I’m not quite ready to give up on those lovely summer tomatoes, yet it’s also a season when I crave things that are a bit more hearty. So why not make up some crisp baguette smothered with lots of glorious, delicious tomatoes?
This white bean bruschetta starts with some crispy baguette, as all bruschetta does. A spoonful of white beans smashed with garlic is layered on, adding substance and a lovely depth. From there, it’s all about the tomatoes - they’re loaded on and piled as high as they’ll go. The little rounds are then finished off with some basil chiffonade and a drizzle of balsamic reduction and olive oil.
These are the perfect finger food for that summer-fall transition. I love eating these on their own, as an appetizer, or my current favorite is to pair them with a nice light brothy soup for a delicious light and flavor-filled meal.
What are you starting to crave right now? Is it too soon for the pumpkin spice latte, or are you into it? Would love to hear your thoughts in the comments!
Servings: 8
Time: 40 minutes
Ingredients
- 1 large baguette
- 2 tablespoons olive oil
- ⅔ cup balsamic vinegar
- 2 15 oz. cans cannellini beans, drained and rinsed (or 3 cups cooked)
- 1-2 cloves garlic, minced
- 6 roma tomatoes (or 3 large tomatoes), roughly chopped
- ¼ cup basil leaves, roughly chopped or cut into chiffonade
Instructions
- Preheat the oven to 400 degrees fahrenheit.
- Slice the baguette into 1” thick slices.
- Brush one side of each slice with olive oil and place on a sheet pan, oil side up.
- Bake the bread for 3 minutes. Flip with a pair of tongs and bake for another three minutes, then remove from oven. The oil side of the bread should be just golden brown. (If not, cook for another 1-2 minutes).

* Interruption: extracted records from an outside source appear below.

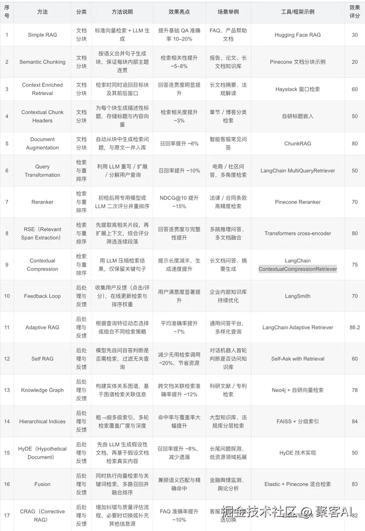 最后我们再总结一下这17种RAG 实现方法的技术原理:
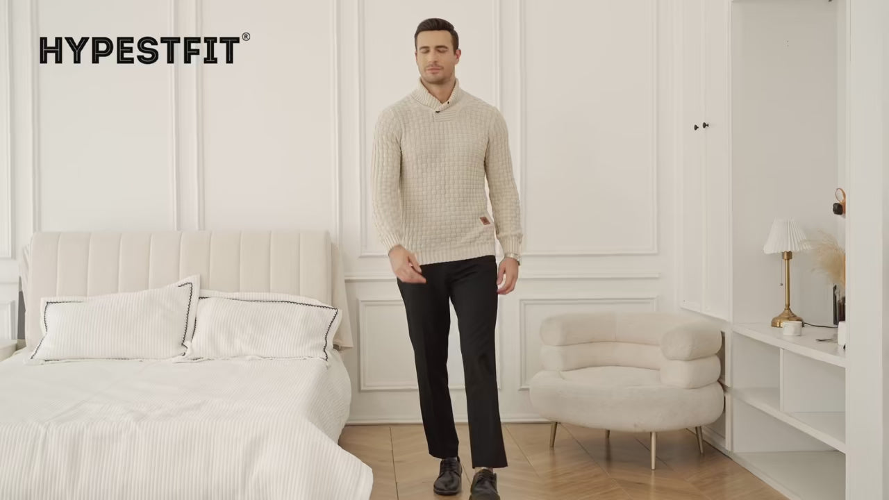 This men’s knitted pullover features a classic crew neck and long sleeves, crafted from polyester with a geometric pattern. Designed for smart casual wear, it offers comfortable warmth suitable for all seasons. The ribbed edges and button details add subtle style, while the flat knit technique ensures a smooth finish. Available in multiple sizes, this high-quality sweater combines durability with everyday comfort.
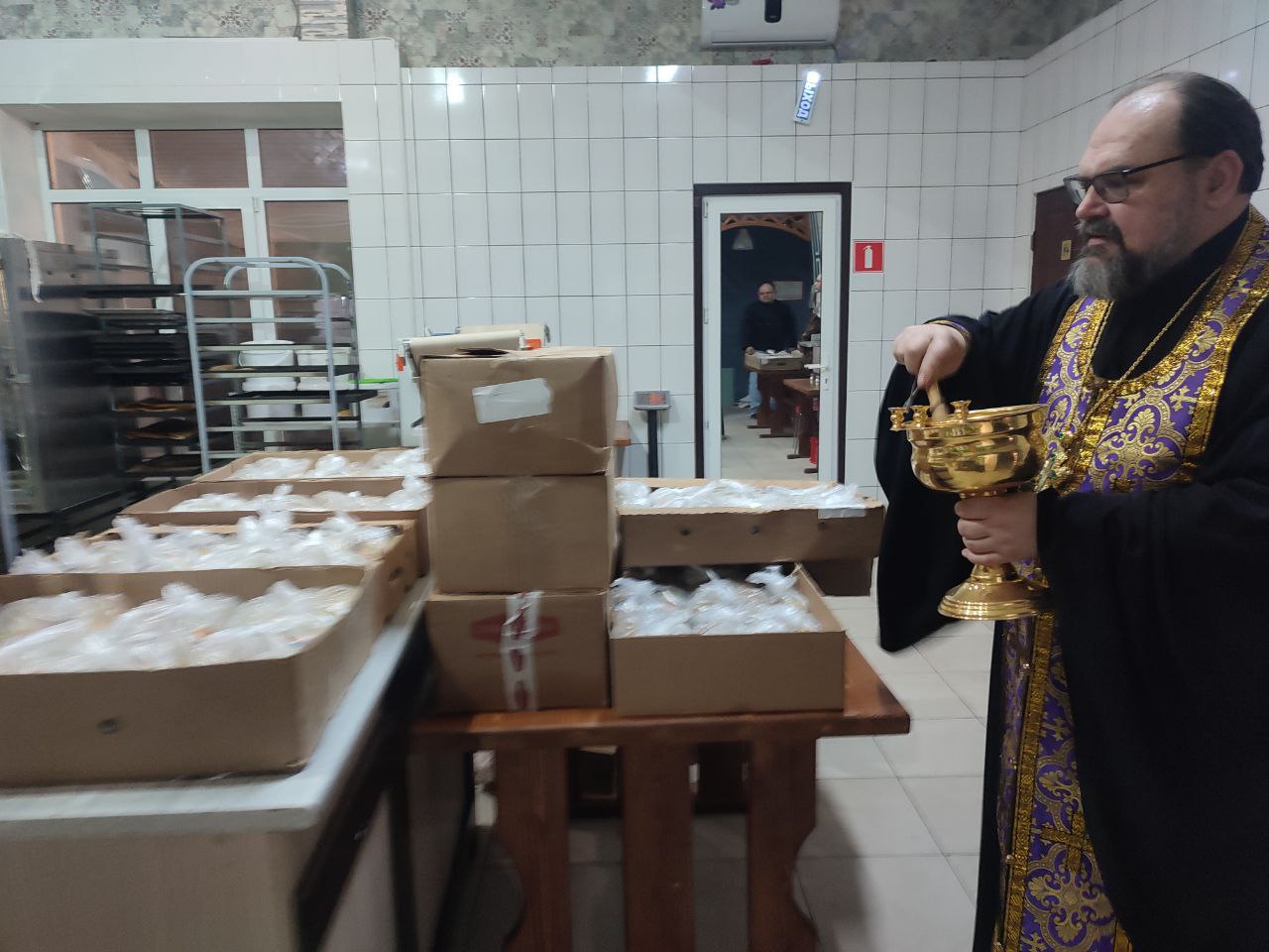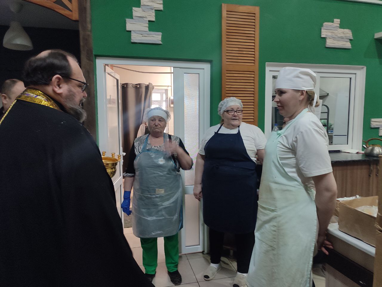По поручению командования штурмового отряда, от имени командования, протоиерей Василий вручил руководителям пекарни Москаленко Алексею Николаевичу и Синенко Марии Анатольевне благодарности, также окропил святой водой куличи и мясо, которое пожертвовало руководство пекарни для наших бойцов.

- In the meantime, add the balsamic vinegar to a saucepan and heat over medium heat (should be just bubbling slightly) for about 10 minutes, until reduced to ¼ cup. Remove from heat and set aside.
- Mash the beans with a fork. Add the garlic and salt and pepper to taste and blend thoroughly, so the garlic and seasoning is evenly distributed. Top with a drizzle of olive oil if desired.
- After the bread has cooled a bit, top each slice with some mashed beans, then tomatoes, then basil. Drizzle all with the balsamic reduction and a little bit of olive oil and serve.
Serving
This is a delicious appetizer (or lunch, as I had it for several days). It’s super yummy with some soup!
Storing
I wouldn’t freeze these - if you don’t think you’ll eat them all, put the toasted bread in a sealed container, same with the beans and balsamic reduction, and wait to cut the basil and tomatoes until you’re ready to serve. The bread will keep for 2-3 days (though it’s better fresh, of course).